Kakawu, who has been a cleaner at the school for the past 14 years, said he had tried to pass on his knowledge to the children in the area.

“I would like to see our children write and read Khwedam as it is part of their culture. Language has a great impact on our culture as well. The children are not even aware that there are different ways in which they are supposed to greet their elders,” said Kakawu.

He said many parents in the area were unhappy that their children were not being taught in the their mother tongue at school.

“The parents at home can speak the !Xunthali or Khwedam but they cannot write it. They have a desire that their children should at least be able to this but now they are not being taught in their own language. Our children are growing up not knowing their mother tongue.

“The language will as a result die out in a couple of generations and Khwedam and !Xunthali will follow the same route as the language of the Griqua people,” he added.

The Pan South African Language Board in the Northern Cape shared Kakawu’s concerns.

The Provincial Manager of PanSALB, Boichoko Moremi said the Northern Cape Department of Education had failed the San people in the Province.

“PanSALB has tried so many times to engage the MEC of Education, Grizelda Cjekella-Lecholo on this matter and she has, at all times, been illusive.
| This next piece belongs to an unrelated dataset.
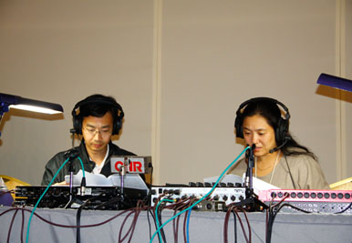 技術(shù)中心周俊生給經(jīng)濟(jì)之聲記者黃耀偉戴監(jiān)聽(tīng)耳機(jī)

The Northern Cape was the only province that taught the Khoi and San languages but somebody decided to end this.”

Moremi said they had been trying to reinstate the teaching of these languages in schools.

“We have been talking to various officials in the education department, who have had different opinions on the matter. No-one seems to see the necessity for the San people to be taught in their own language.

“Most do not realise that Khoi and San languages fall into the same category as Indigenous African Languages and it is crucial that we preserve these languages,” he said.

Moremi added that the department had given many excuses why the language could not be taught in the schools.

“The department has indicated that there are no qualified teachers to teach the language at schools, which is just a way of dodging the truth. The language was taught in schools until it was stopped in 2011. Those teachers who taught these languages to learners are now sitting idle at home because the department put a stop to their income,” said Moremi.

The Head of Communications in the provincial Department of Education, Lehuma Ntuane, said the decision on what medium learners should be taught in lies with the School Governing Body and parents.

“The matter of language in schools is a School Governing Body matter. Parents are involved in choosing what language of instruction they want their children to be taught in. The department has very little to do with that decision. At the school in Platfontein the preferred medium of instruction has been Afrikaans,” said Ntuane.

The Northern Cape MEC for Agriculture, Land Reform and Rural Development, Norman Shushu stated during a Language Indaba hosted by PanSALB Northern Cape in 2013 that South African languages have been under attack since the dawn of democracy.

“During the Apartheid era most of us attended schools in the townships but after 1994 we started receiving our education in town and we also speak English in our homes. Hence most of our children cannot read and write in their mother-tongue,” Shushu said at the time.

He pointed out that it was vital for government in the Province to reverse the harm done to indigenous African languages.